# About this task
Extract, exactly and without pictures, every line from the one that includes "Soft Surroundings Lambswool" through the final line of the material below.

*** Information provided ***

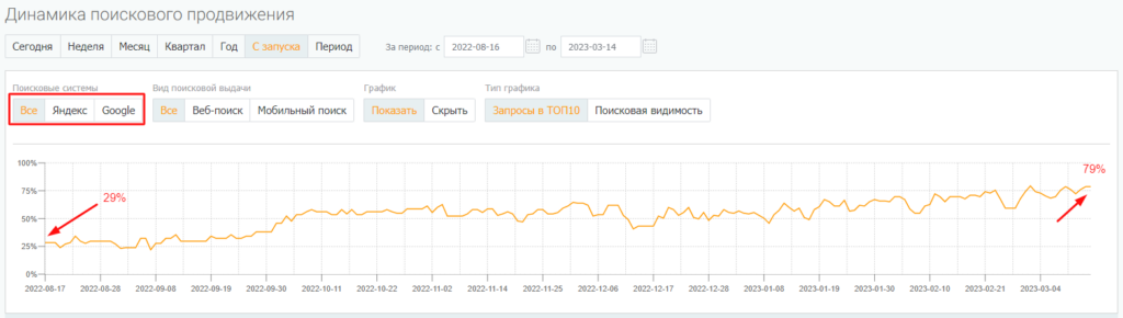 Динамика видимости по запросам в Яндексе и Google в интерфейсе PromoPult
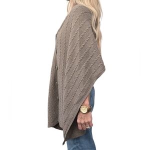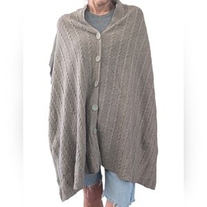 Soft Surroundings Lambswool Cashmere Cable Knit Button Wrap Shawl Poncho S/M
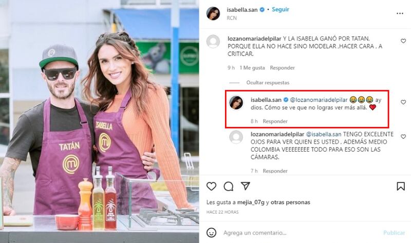 Seguidamente, el mismo usuario vuelve a provocar a Isabella Santiago, comentando que ella ganó gracias a Mejía y no por su propio mérito ya que lo único que hizo fue “modelar” y “criticar”. Ella no se quedó callada y volvió a responderle: “Ay Dios, como se ve que no logras ver más allá”.
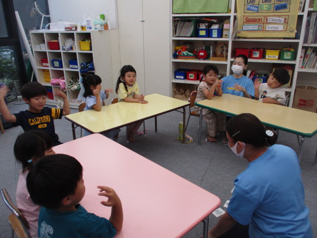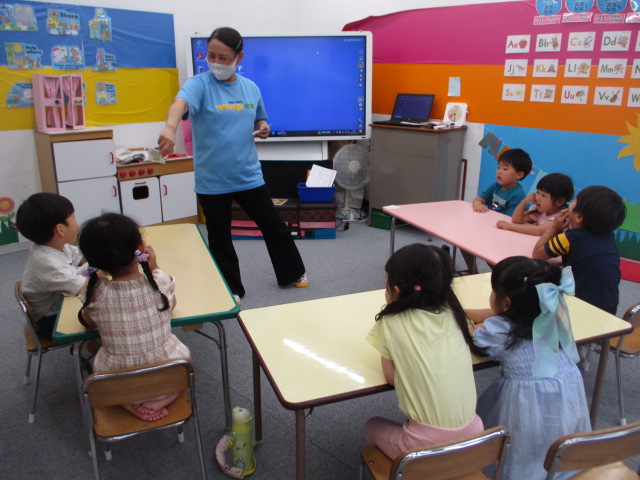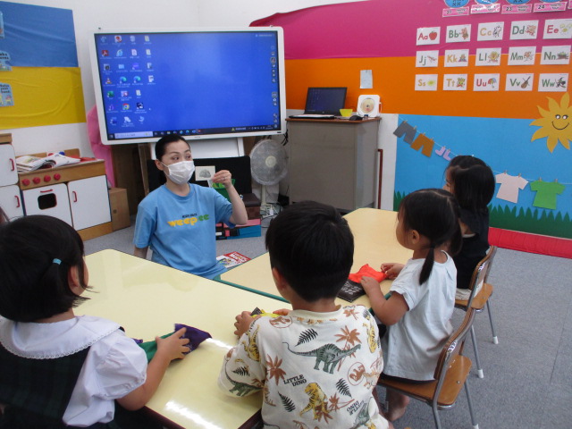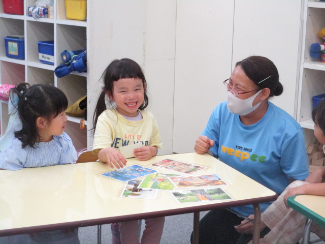 この日は「天気」がテーマでした。既によく知っている表現なので「How is the weather?」の質問には「It’s rainy.」や「It’s windy.」とスムーズに答えることができていました。

*** End of Information provided ***

# Answer section
 Soft Surroundings Lambswool Cashmere Cable Knit Button Wrap Shawl Poncho S/M
 Seguidamente, el mismo usuario vuelve a provocar a Isabella Santiago, comentando que ella ganó gracias a Mejía y no por su propio mérito ya que lo único que hizo fue “modelar” y “criticar”. Ella no se quedó callada y volvió a responderle: “Ay Dios, como se ve que no logras ver más allá”.
 この日は「天気」がテーマでした。既によく知っている表現なので「How is the weather?」の質問には「It’s rainy.」や「It’s windy.」とスムーズに答えることができていました。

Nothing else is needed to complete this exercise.